Successo pieno e le cui conseguenze stiamo vivendo ancora oggi.
All’epoca noi “giovani del ‘77” non avevamo per nulla capito la vera e propria fregola che alcuni avevano di “alzare il livello dello scontro” e, molto semplicemente, li avevamo tenuti ben lontani e non abbiamo mai avuto nulla di cui “pentirci o dissociarsi”.
Con il “7 aprile” e con l’orrendo “teorema Kalogero”, sostenuto da una campagna di stampa il cui unico precedente era stata la copertura l’anno precedente del sequestro Moro, è stata costruita una ora per nulla credibile montatura giudiziaria il cui unico scopo era quello di liquidare i movimenti degli anni ’70 accusandoli di essere “tutti terroristi o fiancheggiatori”.

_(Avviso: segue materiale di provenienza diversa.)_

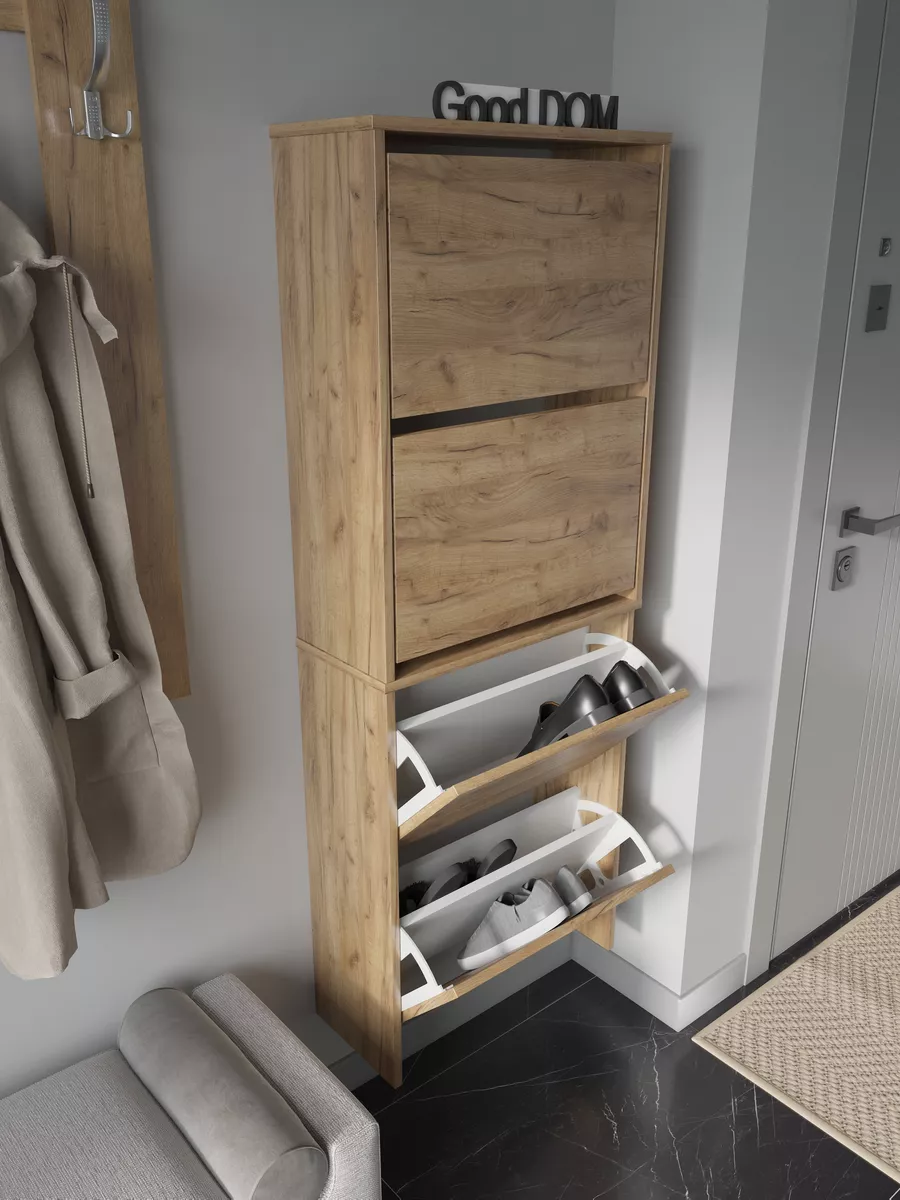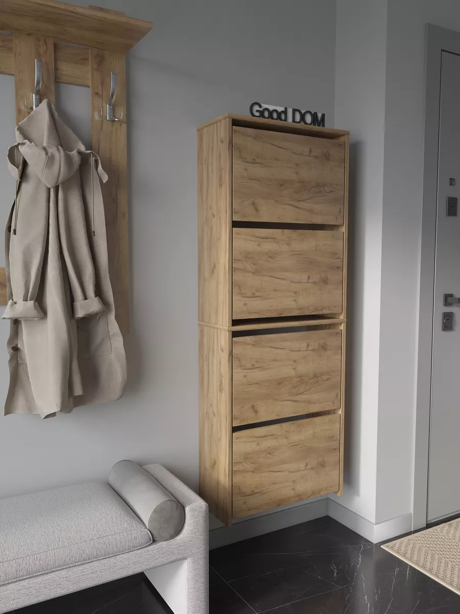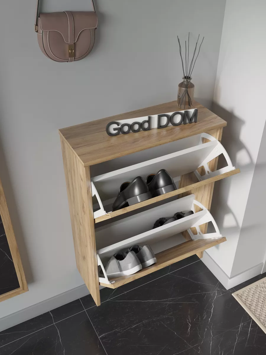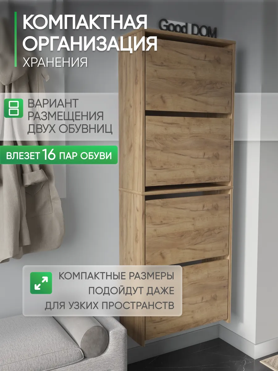 Обувница закрытая - удобная мебель в прихожую для функционального и удобного хранения обуви и вещей в коридоре. Тумба под обувь с откидными дверцами поможет сэкономить полезное пространство и не займет много места. Полка для обуви узкая влезет даже в маленький коридор, уместиться в небольшой гардеробной. Этажерка закрытая защитит обувь от попадания пыли, к тому же закрытая конструкция выглядит аккуратно и не перегружает пространство. Стеллаж из ЛДСП не ржавеет и при должном уходе прослужит долгие годы в отличие от металлической подставки и тем более пластиковой. Шкаф имеет поверхность сверху - верхнюю полку, на которой можно разместить зонты или ключи, прочие принадлежности и вещи, используемые в прихожей. Также у навесной обувницы есть две откидные полки для обуви, разделенных на две секции, что позволяет в такой компактной обувнице уместить целых 8 пар обуви! Подвесная обувница выглядит стильно и компактно. Галошницу можно дополнить вешалкой и зеркалом и получить удобный комплект в прихожую. Обувная полочка легко заменит громоздкий комод, стенку или шкаф. В нашем ассортименте представлена другая мебель для прихожей (и не только) – вы можете легко посмотреть весь ассортимент, щелкнув на значок логотипа. Мы постоянно работаем над качеством нашей продукции, поэтому улучшили упаковку - наша усиленная упаковка защитит Вашу Обувницу при доставке от сломаных углов и сколов! Выбирая продукцию отечественного производителя Good Дом, все в Дом Вы обеспечиваете себя гарантией на продукцию сроком в 1 год, Вы выбираете качество и комфорт.

Giuridicamente la figura del cosiddetto “fiancheggiatore” non ha mai ottenuto una definizione, per il molto semplice motivo che è una figura inesistente ed insostenibile: o uno è un aderente ad una organizzazione terroristica, o non lo è.
Non è giuridicamente sostenibile la posizione, allora dominante: “abbiamo deciso che ha simpatie per loro e allora deve dissociarsi”.
Dissociarsi da cosa quando si ha partecipato ai movimenti e non si sono commessi reati?
Dissociarsi dai movimenti e dalle proprie opinioni, ovvio.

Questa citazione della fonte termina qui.